Normally we recover from the triple fault and carry on; so maybe the triple fault happens more often that we really know and we survivie it.

Comment 27 Dr. David Alan Gilbert 2017-02-15 11:22:55 UTC

The problem with the reboot seems to be understood now.

QEMU doesn't reset the PAM registers on reset, this means the ROM mapping at reset is wrong, and ends up running out of RAM instead.  SeaBIOS has a workaround that detects this and reboots again having recopied the image, but the workaround ends up corrupting 3 bytes of memory (TimerLast) and overwriting part of the new copy - if you're unlucky with the memory layout and timer value then it might hang.
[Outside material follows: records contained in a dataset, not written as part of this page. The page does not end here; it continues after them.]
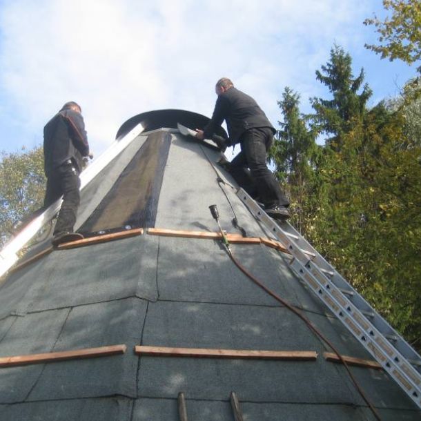 Ob ein defekter Wandanschluss, eine tropfende Dachrinne oder eine andere Undichtigkeit – sämtliche Reparaturarbeiten am Dach werden von unseren erfahrenen Dachdeckern ausgeführt.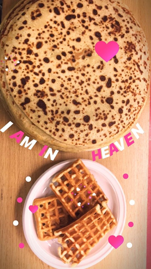 Auf dieses Bild seht ihr wie groß diese Pfannkuchen wirklich sind und wie gut sie aussehen. Darum habe ich für meine Story auf Instagram geschrieben: “ich bin in dem Himmel.” 😊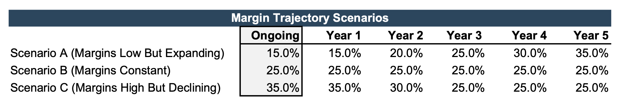 A high margin conveys that a firm is doing something right. But what really matters from a buyer’s perspective is not what the margin is now, but what it will be in the future. Consider the three scenarios below. In Scenario A, the EBITDA margin starts relatively low (15%), but improves over time. In Scenario B, the margin starts at a higher level (25%) but remains constant. In Scenario C, the margin starts at 35% but declines over time.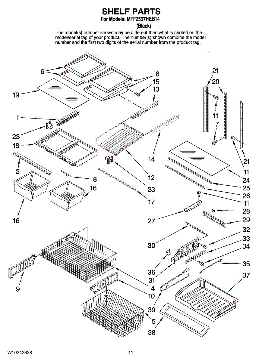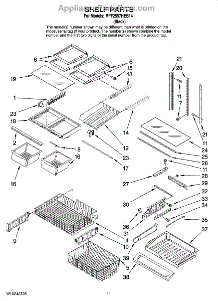 Note: For the right side drawer glide, use part number WP67001053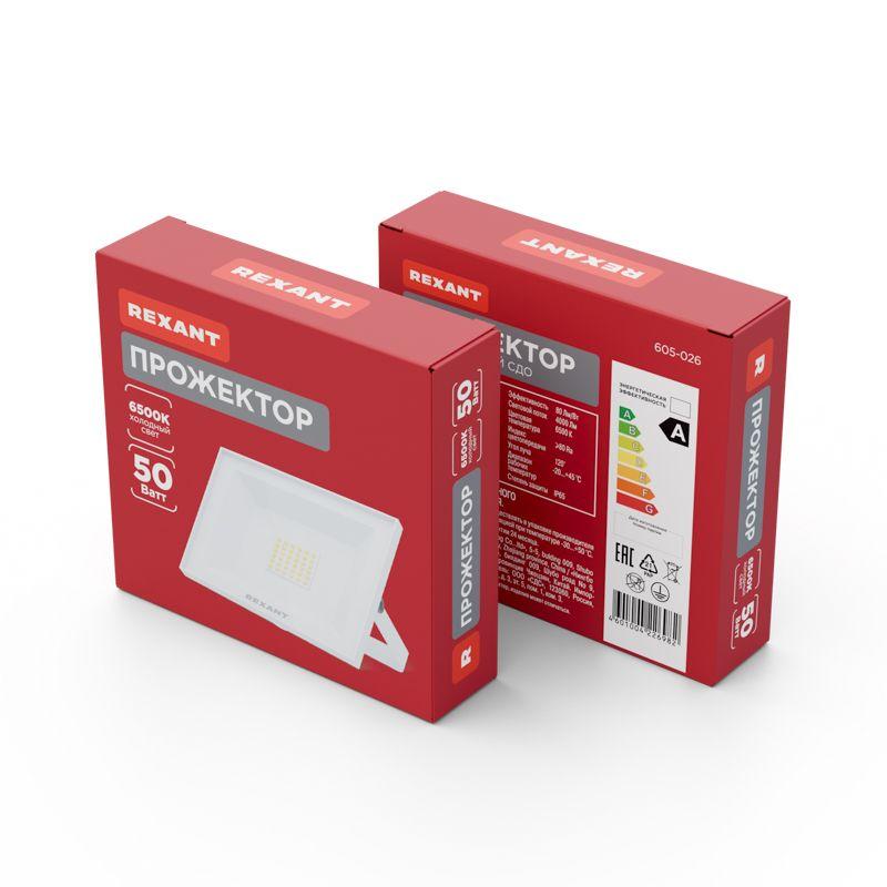 Прожектор светодиодный СДО 50 Вт 4000 Лм 6500K белый, код 605-026, производитель REXANT

I have a fix for qemu's reset and Kevin is doing a seabios fix for the workaround.

Comment 34 Dr. David Alan Gilbert 2017-03-02 12:16:09 UTC

Note I've split this into two bugs; bz 1428347 is now the 'reboot' on rhel6 machine types failing occasionally without the migration.

Comment 36 Dr. David Alan Gilbert 2017-03-06 17:58:39 UTC

I can trigger this without the migration, but by using the 7.2 bios on 7.3 qemu.
e.g. taking a copy of /usr/share/qemu-kvm/bios-256k.bin onto my 7.3 box and using 
firmware=/root/bios-256k-copied-from.72.bin   it hangs at the ESC in the same way as a VM migrated from 7.2;  so the bug isn't actually the migration process, it's just the 7.2 bios doesn't like running on 7.3
Similarly if I copy the rhel6 rtl8139 rom and use that as the 8139 ROM with a 7.3 qemu, it hangs at the 'Press Ctrl-B' point.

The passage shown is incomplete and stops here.